### Work required
Start at the line in the entries below that contains "Relaxed-fit tucked, elastic", stop at the line that contains "18x1 - 90 - λ2 = 0, λ2 = 18х1 - 90", and output exactly the lines in that span, both ends included.

-- Task input follows --

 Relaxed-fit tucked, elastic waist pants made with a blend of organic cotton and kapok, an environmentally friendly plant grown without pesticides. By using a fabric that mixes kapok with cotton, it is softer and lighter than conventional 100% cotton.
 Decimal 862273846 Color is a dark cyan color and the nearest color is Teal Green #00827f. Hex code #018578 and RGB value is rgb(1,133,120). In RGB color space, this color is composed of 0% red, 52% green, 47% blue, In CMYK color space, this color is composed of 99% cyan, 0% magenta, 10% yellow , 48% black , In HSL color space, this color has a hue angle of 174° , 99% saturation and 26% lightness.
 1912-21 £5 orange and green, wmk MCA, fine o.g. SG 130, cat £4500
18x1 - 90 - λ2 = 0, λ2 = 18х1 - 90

-- Task input concluded --
-- Task input follows --

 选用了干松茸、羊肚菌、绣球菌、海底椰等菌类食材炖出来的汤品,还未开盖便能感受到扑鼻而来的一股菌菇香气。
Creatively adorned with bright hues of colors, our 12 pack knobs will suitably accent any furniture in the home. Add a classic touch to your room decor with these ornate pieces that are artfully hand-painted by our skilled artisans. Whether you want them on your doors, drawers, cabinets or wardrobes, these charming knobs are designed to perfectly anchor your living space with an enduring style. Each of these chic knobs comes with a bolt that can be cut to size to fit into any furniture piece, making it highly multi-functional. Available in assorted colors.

-- Task input concluded --

### Result
 Relaxed-fit tucked, elastic waist pants made with a blend of organic cotton and kapok, an environmentally friendly plant grown without pesticides. By using a fabric that mixes kapok with cotton, it is softer and lighter than conventional 100% cotton.
 Decimal 862273846 Color is a dark cyan color and the nearest color is Teal Green #00827f. Hex code #018578 and RGB value is rgb(1,133,120). In RGB color space, this color is composed of 0% red, 52% green, 47% blue, In CMYK color space, this color is composed of 99% cyan, 0% magenta, 10% yellow , 48% black , In HSL color space, this color has a hue angle of 174° , 99% saturation and 26% lightness.
 1912-21 £5 orange and green, wmk MCA, fine o.g. SG 130, cat £4500
18x1 - 90 - λ2 = 0, λ2 = 18х1 - 90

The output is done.